§ The data

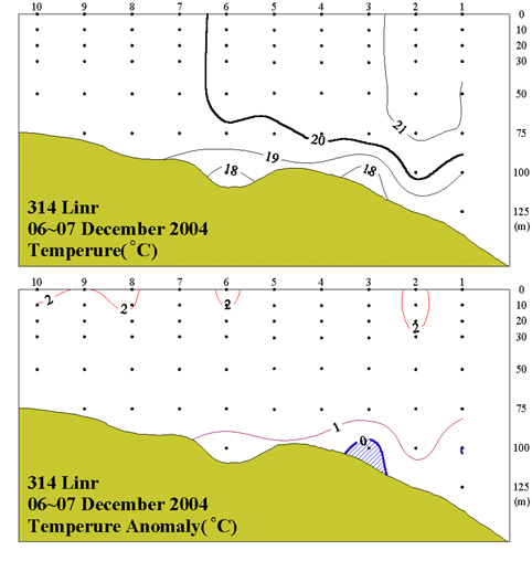 ◦ 2004년 12월 6~7일 국립수산과학원 남해수산연구소에서 조사한 314선(제주 남부해역)의 수직수온분포도 및 평년편차도 입니다.
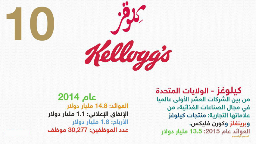 في المركز العاشر لأكبر الشركات المنتجة للمواد الغذائية جاءت شركة كيلوغز، المشهورة بالمنتج الذي يحمل الاسم نفسه إلى جانب شيبس برينغلز، وحققت عوائد عام 2016 بلغت نحو 13.5 مليار دولار.
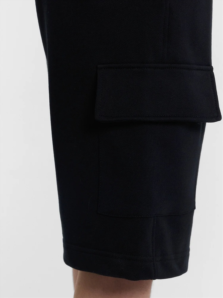 Шорты свободного силуэта из трикотажного полотна футера. Пояс цельнокроеный с эластичной тесьмой внутри. На передней части пояса с внутренней стороны пробиты петли и втянут шнур. На передних половинках обработаны карманы с наклонным входом от боковых швов. На боковые швы

§ What this task involves
Once you have returned the line containing "في المركز العاشر", stop; begin at the first line of the material, keep each line exact, and skip the pictures.

§ Response area
 ◦ 2004년 12월 6~7일 국립수산과학원 남해수산연구소에서 조사한 314선(제주 남부해역)의 수직수온분포도 및 평년편차도 입니다.
 في المركز العاشر لأكبر الشركات المنتجة للمواد الغذائية جاءت شركة كيلوغز، المشهورة بالمنتج الذي يحمل الاسم نفسه إلى جانب شيبس برينغلز، وحققت عوائد عام 2016 بلغت نحو 13.5 مليار دولار.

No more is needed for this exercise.